Zero Waste Home will take you beyond the typical eco-friendly alternatives covered well in other publications. This book will encourage you to declutter and recycle less, not just for a better environment but also for a better you. It offers practical, tested solutions to live richer and healthier lives using the sustainable, waste-free resources available to us today, while following a simple system in order: refusing (what we do not need), reducing (what we do need), reusing (what we consume), recycling (what we cannot refuse, reduce, or reuse), and rotting (composting) the rest.

Over the last years, I’ve learned that everyone has a different take on our lifestyle. Some think that it is too extreme because we do not buy junk food, for example. Others say that it is not extreme enough because we buy toilet paper or eat meat once a week or occasionally fly. What matters to us is not what people think but how good we feel about what we do. It is not the preconceived restrictions but the infinite possibilities that we have discovered in Zero Waste that make it a subject worth elaborating. And I am excited at the prospect of sharing what we have learned to help others better their lives.

This is not a book about achieving absolute Zero Waste. Considering the manufacturing practices in place, it is evident that absolute Zero Waste is not possible today. Zero Waste is an idealistic goal, a carrot to get as close as possible. Not everyone who reads this book will be able to implement all that I mention or be able to go as far as reducing his/her yearly household waste output to the size of a quart jar, as my family has. Based on my blog readers’ feedback, geographic and demographic disparities come into play in determining how close to Zero Waste one can get. But how much waste one generates is not important. What matters is understanding the effect of our purchasing power on the environment and acting accordingly. Everyone can adopt the changes that are possible in their life. And any small change toward sustainability will have a positive effect on our planet and society.

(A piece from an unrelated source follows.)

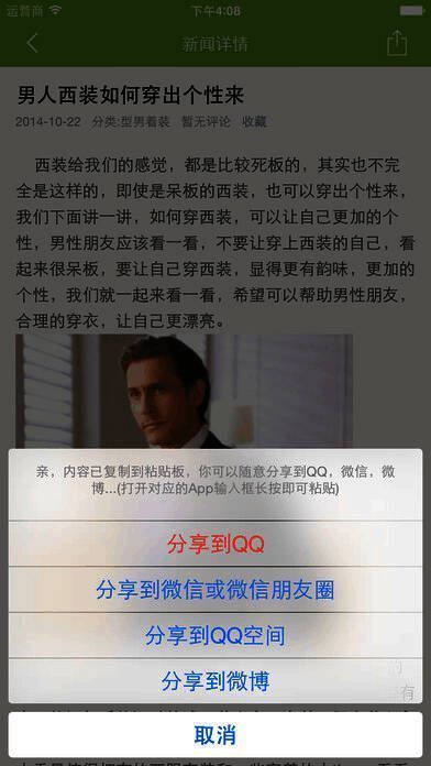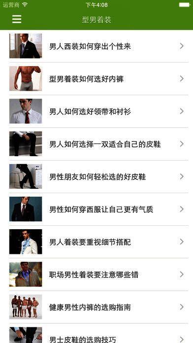 - 型男着装:职场男性注重事业,得体的穿着能增添气质,为事业加分,此部分可帮助男性学习穿衣搭配技巧。
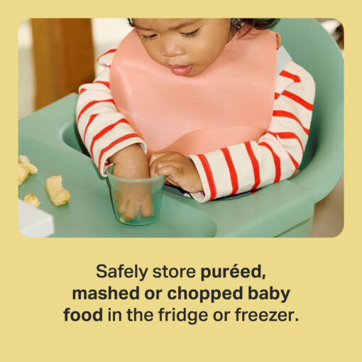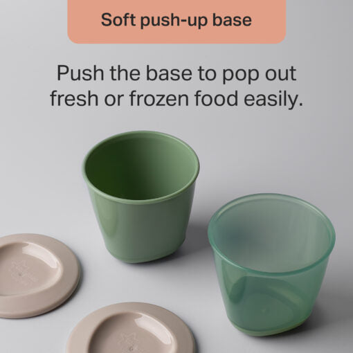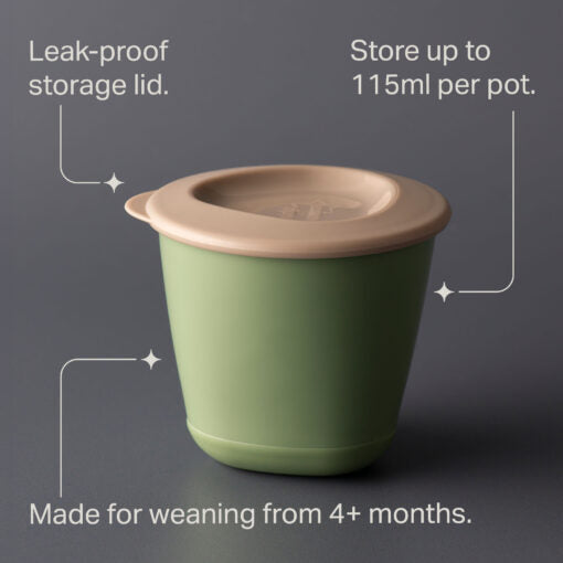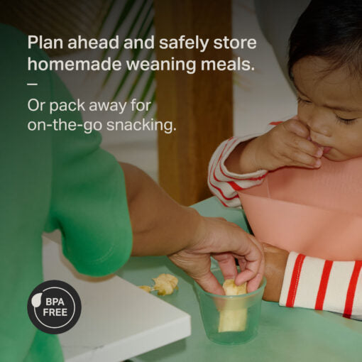 The push-up base makes it easy to pop out portions as required, and they are stackable so they can be kept neat and tidy in your fridge or freezer. Weaning can be a messy adventure, so we make things simple with these easy-to clean pots. Use them in the fridge, freezer or microwave then simply wash with hot soapy water or pop them in the top of your dishwasher. They can be sterilised for extra reassurance. Suitable for babies 4m+. Always BPA-free for your ultimate reassurance.

I understand that given my viewpoint, many will call into question my decision to publish a printed book. But should valuable information be made available only to those who read electronic ones? At this point in time, a printed book is the best way for me to reach a maximum of readers. I believe it is my moral obligation to spread the word about Zero Waste as much as possible, to make every attempt to change our patterns of overconsumption, and to encourage companies to account for the products and choices that impact our health and use our finite resources. I’ve thought long and hard about this decision. And my cost-benefit analysis has led me to believe that inspiring one person to reduce their daily trash output is well worth the environmental cost of one book. I think it would be hypocritical for me not to print it, considering that I am an ardent patron of the library myself, and I would encourage you to donate the book to your library or pass it along to a friend when you no longer need it.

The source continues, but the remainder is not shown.